Kinross focused primarily on British printing, but some of the most distinctive fonts that emerged from the modern period came from France. It is possible to argue that although English artists precipitated the shift into typography as an art form, it was the French and the Germans who took the next step. Leading the way in France was the firm of Deberny et Peignot. The history of Deberny et Peignot was an interesting one, starting unexpectedly with the famous author Honoré de Balzac (1799-1850). Balzac paused, at the beginning of his writing career and became a businessman before he became a famous writer. According to B. R. Tolley’s article “Balzac the Printer,” in a 1959 issue of French Studies, from 1825 to 1828, he was a publisher, a printer, and a typefounder. As Tolley wrote,”Balzac used his commercial experience and technical knowledge in his novels.” The detour into publishing seems an odd one for Balzac, but he was an author who saw the opportunity to turn this field to his advantage. Balzac had experienced some success as a writer in the early nineteenth century, and, indeed, his definition of “success” was to become rich by churning out books rich with entertaining soap opera. Balzac admired Sir Walter Scott, who had turned the writing of historical novels into a lucrative business. Balzac, however, as an observer of the “human comedy,” and was more interested in observing the contemporary age and was one of the literary pioneers in the new genre of “realism,” meaning the recording of modern life. In The Politics of Style in the Fiction of Balzac, Beckett and Cortáza by M. R. Axelrod, the author noted that “Balzac’s approach to Realism, like his mentor, made a business out of literature. In his own way, he was the ultimate bourgeois writer..” Indeed, when he hadn’t become famous by the time he was twenty-six, Balzac ventured into the printing business, convinced as Alexrod put it, that “his fortune would be made and leave him plenty of time for writing.” Using money borrowed from his mistress, Louise-Antoinette-Laure De Berny, and his mother, Balzac partnered with André Barbier, a typesetter. The publishing venture, located on the Rue de Marais-Saint-Germain in Paris was to publish the works of La Fontaine and Molière, not to mention those of the struggling author, failed, and Balzac was advised to make money to cover his debts by purchasing a printing press, a financial move that only put him deeper in debt.
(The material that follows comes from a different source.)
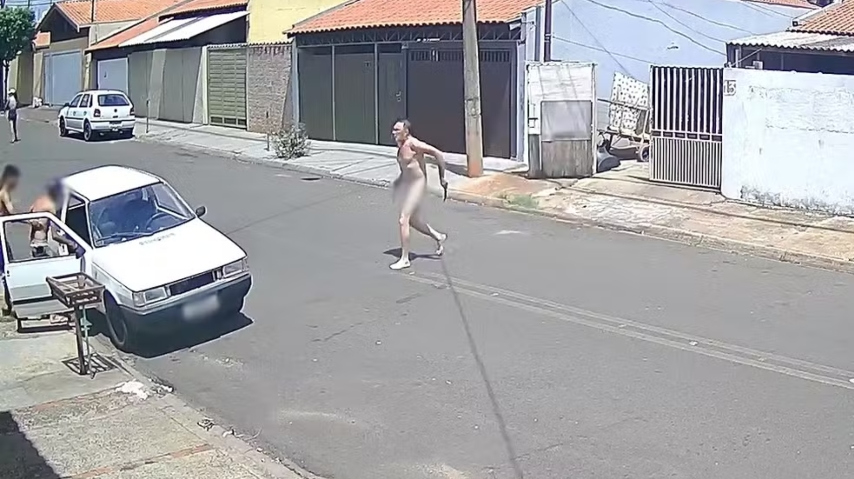 O que aconteceu: imagens de câmeras de segurança mostram parte do crime. No vídeo é possível ver durante uma discussão entre o filho da vítima, um adolescente, e o suspeito, vestido apenas com uma toalha, na rua. A situação se agrava quando os dois entram na casa. Momentos depois, duas pessoas saem da residência, e é possível ver Thiago Alves ferido enquanto o padrasto, nu e armado com facas, persegue pai e filho.

The Imprimerie H. Balzac was willing to publish anything and, like a true capitalist, the author purchased the typefoundry of Jean-François Laurent to establish control over all aspects of his enterprise. Alexrod wrote, “Becoming a printer in order to save his publishing, he finally became a type-founder in order to save his printing, by purchasing a bankrupt type-foundry.” But none of those businesses succeeded, mainly because Balzac spent all the profits on his mistresses, plural. His partner, Barbier, abandoned the failing enterprise, leaving the writer with the consequences of his own bad management and bad judgment. Balzac concluded his ill-fated business career over 100,000 francs in arrears, and the author refused to descend into a bourgeois fate of declaring bankruptcy. Fortunately, in 1828, he was able to turn his debts over to his mistress and to foundry owner, Laurent. The nineteen-year-old son of the aristocratic Louise-Antoinette-Laure, Alexandre de Berny, became the new partner and, not wanting to mix nobility with business, renamed himself “Deberny.” As any reader of Balzac understands, the author’s ignominious experience as a failed printer and bankrupt businessman became materials for his mature works. But during his checkered career in publishing, Balzac printed some 168 pamphlets, newspapers, and books, and some sources say this number was as high as three hundred.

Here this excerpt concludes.